▸ Data for this exercise
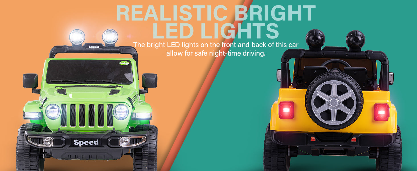 - π [Safe to Drive] - Powerful engine with a slow start for safer use. The bright LED lights on the front of this car allow for safe nighttime driving. The steering wheel can only slightly change the direction of the car, which helps prevent accidental overturning
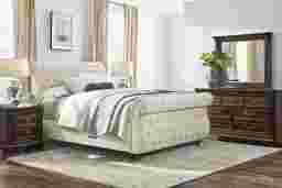 Indulgence awaits when the richness of the Fuller bedroom's dignified, rakish charm tempts you back to your serene sleep sanctuary. This inspired traditional collection showcases a fully upholstered Ivy bed with sleigh headboard and footboard in white, dotted throughout with button tufting. Dark bun feet add a touch of contrast to suit a variety of styles. The headboard features USB ports set into either side, bringing modern convenience to a timeless design. Included pieces create an elegant mood with cherry veneers in a dark brown finish, subtle carved pilasters, and contrasting inset details. The 7-drawer dresser has a mount for the matching beveled mirror. Mattress and foundation (if required) sold separately.
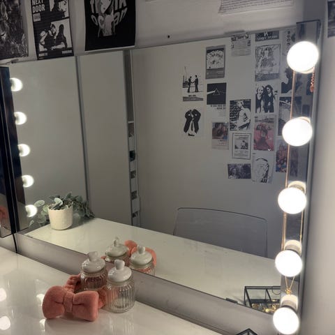 IKEA rund spegel med lampor. Använt som sminkspegel. Hängs upp med krok & koppas direkt i vägguttag
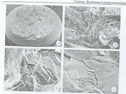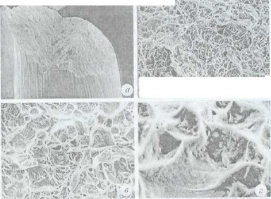 Рис. 4.61. Топография поверхности разрушения образца из основного металла: а ~ х20; б - х500; в - Х2000; г - х 10000
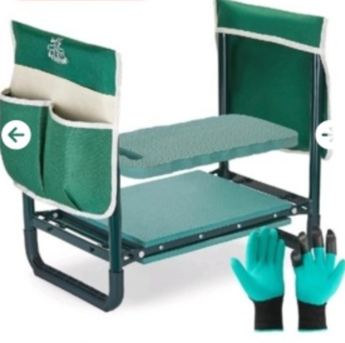 259Portable gardening kneeler and seat. Features two padded kneeling surfaces, a storage pouch with multiple pockets, and a pair of gardening gloves. Durable metal frame. Ideal for gardening.
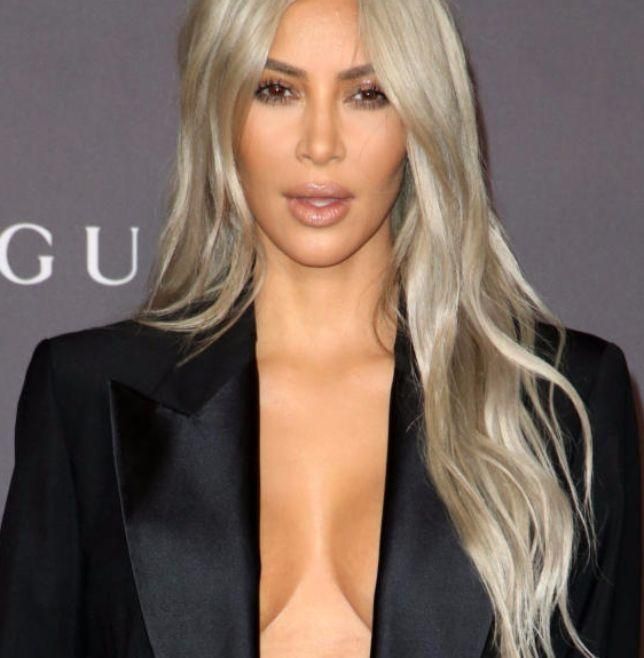 Kim Kardashian, giacca aperta e seno a vista
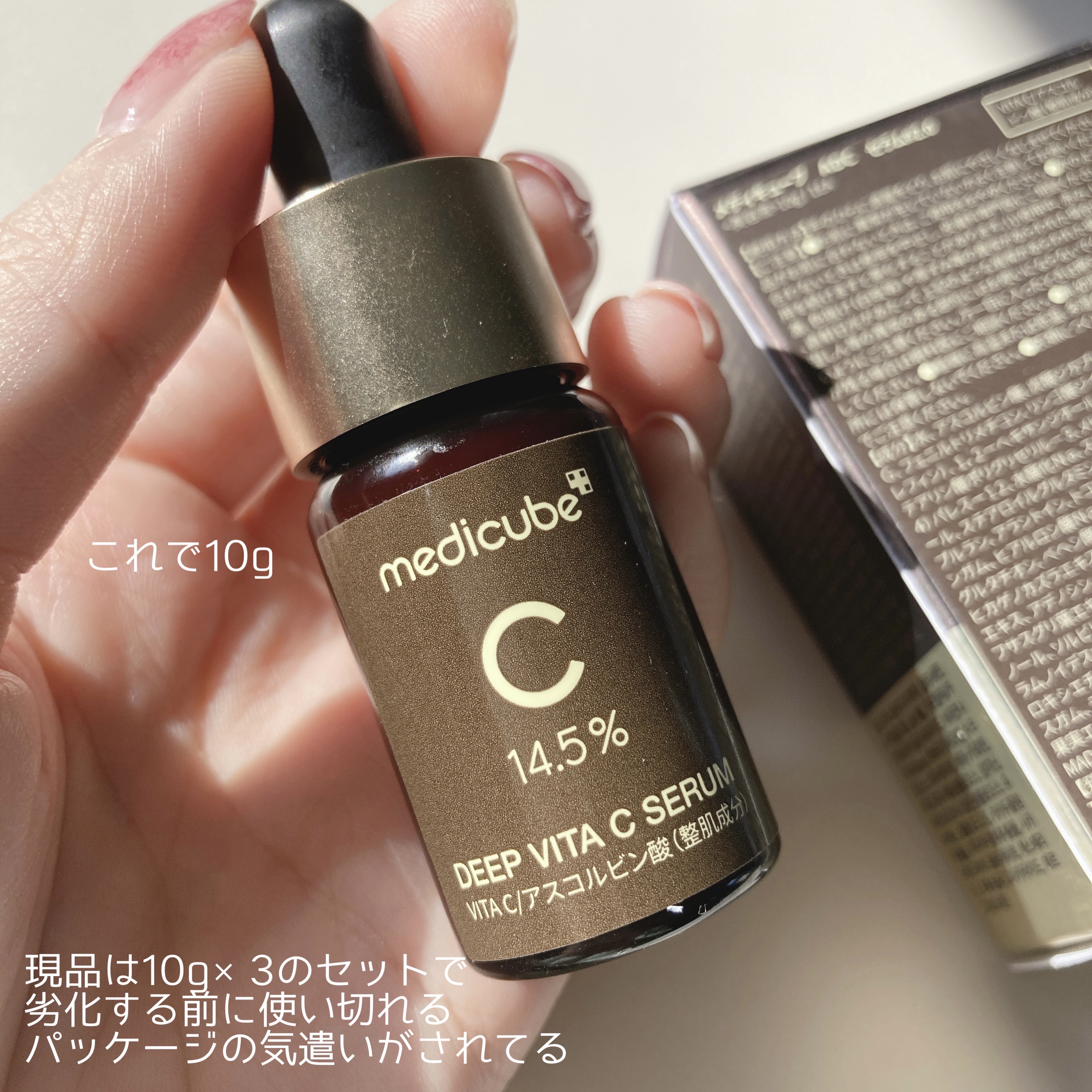 シミ・美白ケアビタミンC美容液 茶色の3つの瓶に小分け 光や熱に弱く酸化したり、色が変質するなど安定化が難しいビタミンC 新鮮なビタミンC成分をお肌に届けることができます。 目に見える表面のしみから、まだ表面に出てきていない内側のしみまで改善。 濃密ですがすっと肌になじんでさらっとした感じ。 1週間使用してみて効果を感じてきたので、継続して使っていくのが楽しみ✨
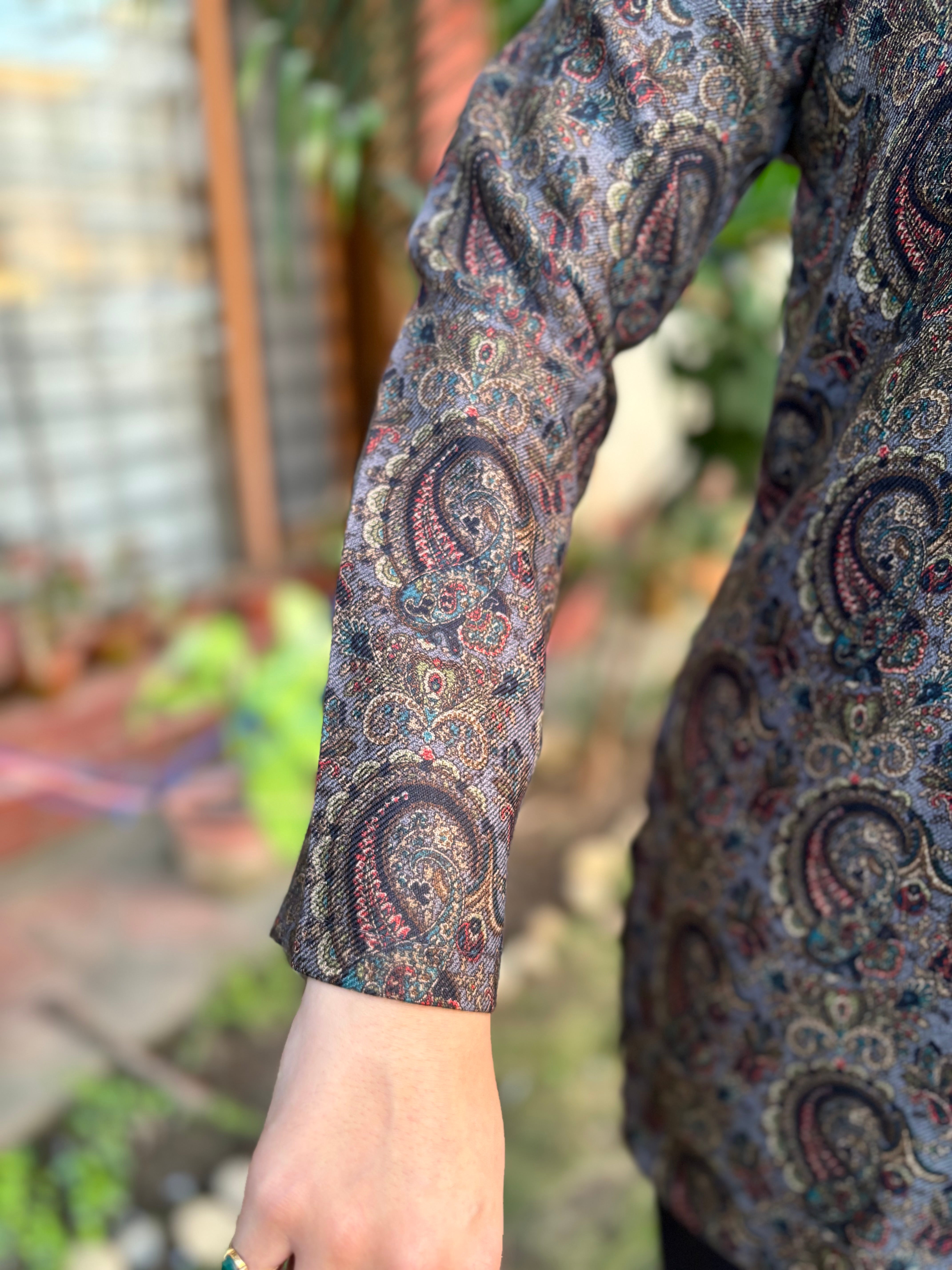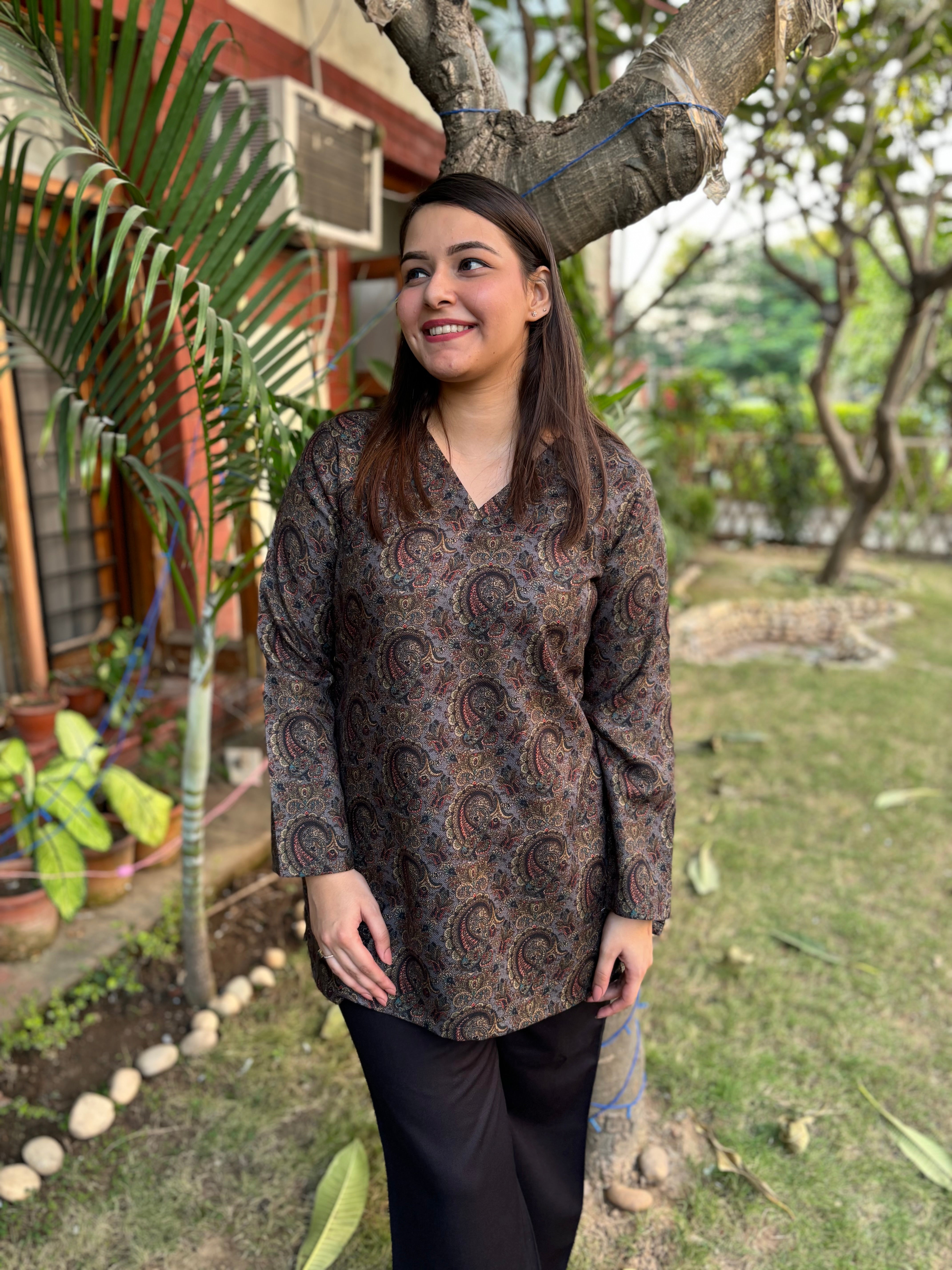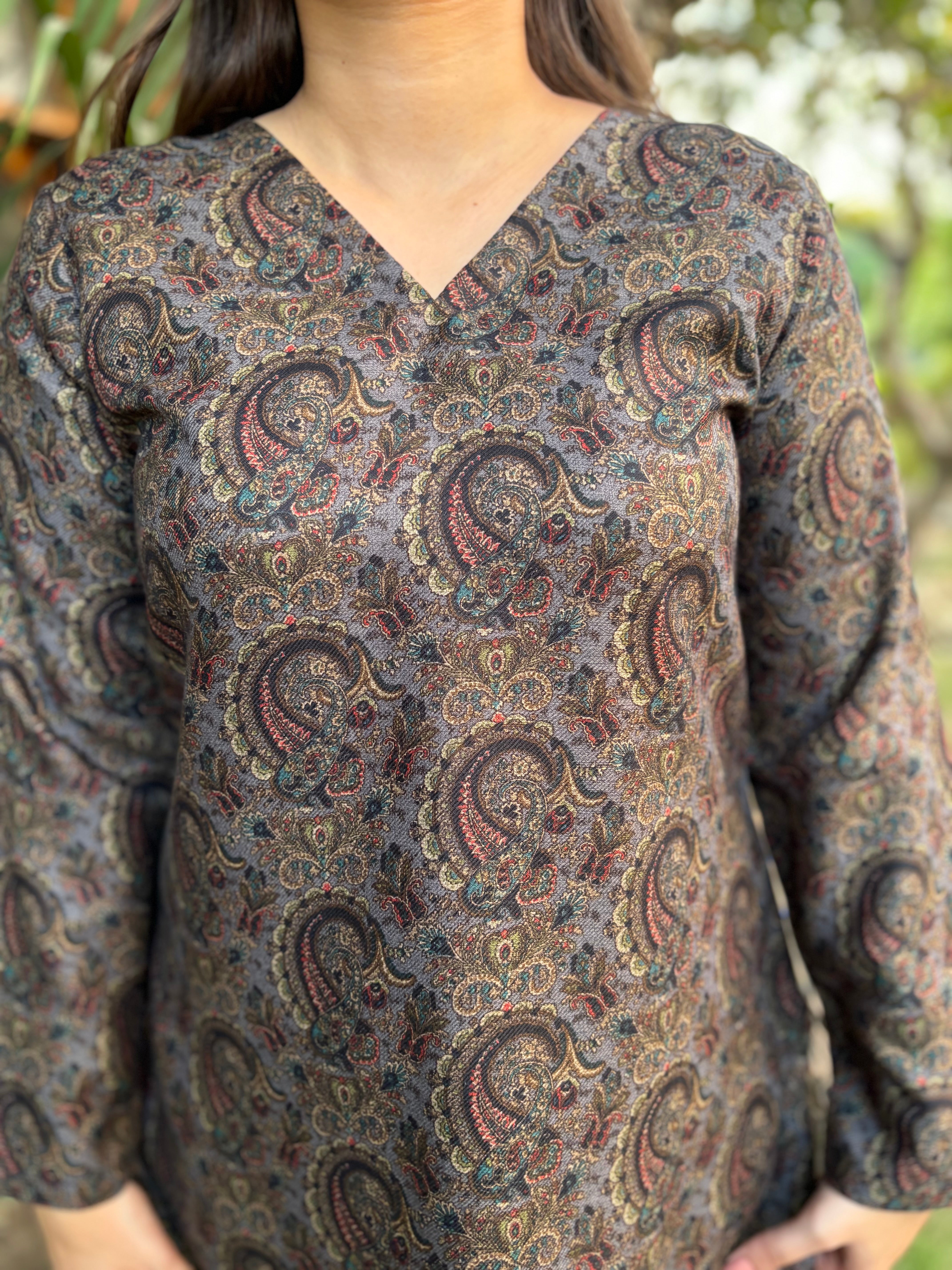 Multi ambi floral woollen short kurti made In soft woollen spun fabric.

▸ Exercise instructions
Pictures are to be left out. Everything else in the records above gets repeated exactly.

▸ Task output
 - π [Safe to Drive] - Powerful engine with a slow start for safer use. The bright LED lights on the front of this car allow for safe nighttime driving. The steering wheel can only slightly change the direction of the car, which helps prevent accidental overturning
 Indulgence awaits when the richness of the Fuller bedroom's dignified, rakish charm tempts you back to your serene sleep sanctuary. This inspired traditional collection showcases a fully upholstered Ivy bed with sleigh headboard and footboard in white, dotted throughout with button tufting. Dark bun feet add a touch of contrast to suit a variety of styles. The headboard features USB ports set into either side, bringing modern convenience to a timeless design. Included pieces create an elegant mood with cherry veneers in a dark brown finish, subtle carved pilasters, and contrasting inset details. The 7-drawer dresser has a mount for the matching beveled mirror. Mattress and foundation (if required) sold separately.
 IKEA rund spegel med lampor. Använt som sminkspegel. Hängs upp med krok & koppas direkt i vägguttag
 Рис. 4.61. Топография поверхности разрушения образца из основного металла: а ~ х20; б - х500; в - Х2000; г - х 10000
 259Portable gardening kneeler and seat. Features two padded kneeling surfaces, a storage pouch with multiple pockets, and a pair of gardening gloves. Durable metal frame. Ideal for gardening.
 Kim Kardashian, giacca aperta e seno a vista
 シミ・美白ケアビタミンC美容液 茶色の3つの瓶に小分け 光や熱に弱く酸化したり、色が変質するなど安定化が難しいビタミンC 新鮮なビタミンC成分をお肌に届けることができます。 目に見える表面のしみから、まだ表面に出てきていない内側のしみまで改善。 濃密ですがすっと肌になじんでさらっとした感じ。 1週間使用してみて効果を感じてきたので、継続して使っていくのが楽しみ✨
 Multi ambi floral woollen short kurti made In soft woollen spun fabric.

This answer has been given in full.